何も答えないうちに、支配人は語り続けた。
「暴行されてないな。いいね。まだ初々しい。これは高値が付きそうだ」
なぜ見ただけで澪の性格や経験まで分かるのだろう。高値とは、どういうことだろう。劇場で澪を買ってくれるのではないのだろうか。
支配人は澪の頤から手を離すと、主人にわずかに顔をむけた。
「そちらの取り分は一割だ。手数料はこちらが持つ」
「ありがとうございます。ぜひとも、よろしくお願いいたします」
礼を述べた主人に、帳面が差し出される。契約書らしきものに主人はサインをした。澪は、ぽつりと質問をする。
「あの……あなたが僕の新しいご主人なのですか?」
主人は余計なことを聞くなというように睨んだが、支配人は平静に返した。
「いいや。君の新しいご主人は、これからオークションで決まるんだ」
「オークション……?」
「貴重な美術品を入札して売買する競売のことだ。うちは絵画や骨董、そして愛人を商品として扱っている。ここに来るまでに立派な邸宅が並んでいただろう。あそこの別荘で過ごす華族や豪商がお客様だ。お金持ちの紳士が多いから、落札されれば良い暮らしができるよ」
「愛人……。僕は、愛人として売られるんですね……」
お客は取らなくても良いのだと思ったが、愛人として売られるなら同じことだ。澪を競売で落札した新しい主人と枕を共にしなければならない。
高値というが、一体いくらくらいなのだろう。

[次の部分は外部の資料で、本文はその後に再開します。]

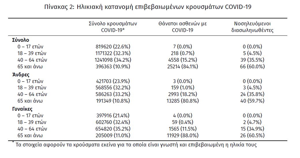 Οι νέοι θάνατοι ασθενών με COVID-19 είναι 17, ενώ από την έναρξη της επιδημίας έχουν καταγραφεί συνολικά 29.997 θάνατοι. Το 95.6% είχε υποκείμενο νόσημα ή/και ηλικία 70 ετών και άνω.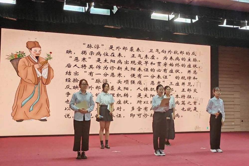 首先上场的是来自护理学院的代表队,她们分享了中医经典《伤寒论》。《伤寒论》是中医学的奠基之作,为中国传统医学做出了巨大贡献。队伍成员从外感病的病因病机到诵读此书带来的收获进行了细致讲解,获得了热烈的掌声。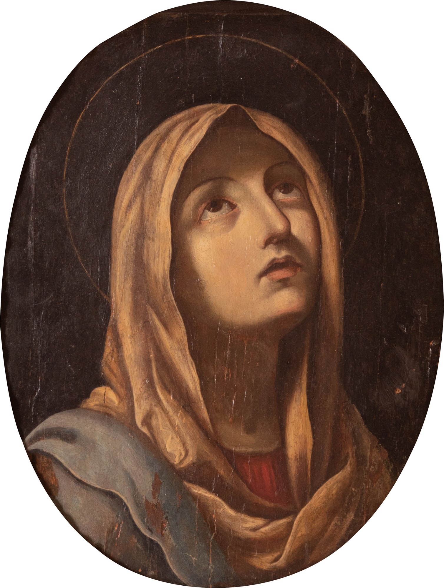Scuola Emiliana XVII secolo ( - ) Madonna addolorata olio su tavola cm 36x26 ovale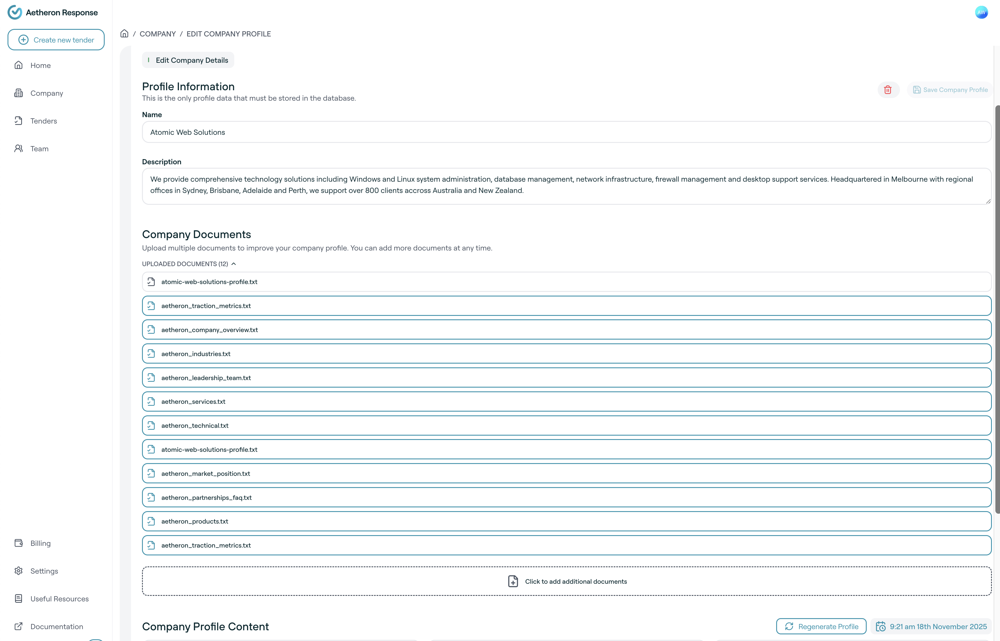 Keeping your company profile up-to-date is essential for generating accurate, compelling tender responses. This guide explains how to edit your existing company profile, including updating basic information and managing documents.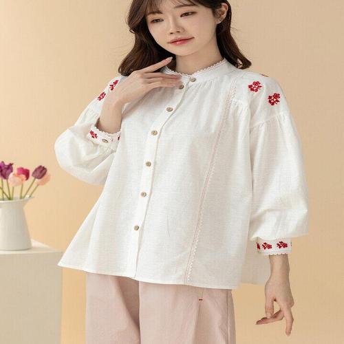 [디얼마미][디얼마미] 이나 꽃자수 린넨 블라우스 /마담 미시 중년 여성 빅사이즈 40대 50대

澪には想像もつかないが、いっそ安値で買ってもらい、掃除係として使ってもらえないだろうか。
でも、それは澪が決めることではなかった。周りの男たちの言うことを聞かなければならない。
絶望する澪は支配人に促されて、施設の奥に足を踏み入れた。そこで主人とは別れる。
「こちらでお待ちください。御用があればアシスタントの私が伺います」
とある部屋の扉を開けたアシスタントと名乗る細面の男性に、中へ入るよう示唆される。
部屋に一歩踏み入れた澪は、思わず足を止めた。
豪奢な部屋は真紅のビロードの壁に覆われて、同じ素材のソファがぐるりと張り巡らされていた。足下も毛足の長い緋色の絨毯が敷かれている。照明は煌めくシャンデリアが吊されており、とても眩しい。非日常の淫靡な空間に、澪と同年代と思われる男子が四人、ソファに座っていた。似たようなガウンを着用している彼らに怯えた目つきをむけられて、これから自分が商品として売られるという現実を自覚する。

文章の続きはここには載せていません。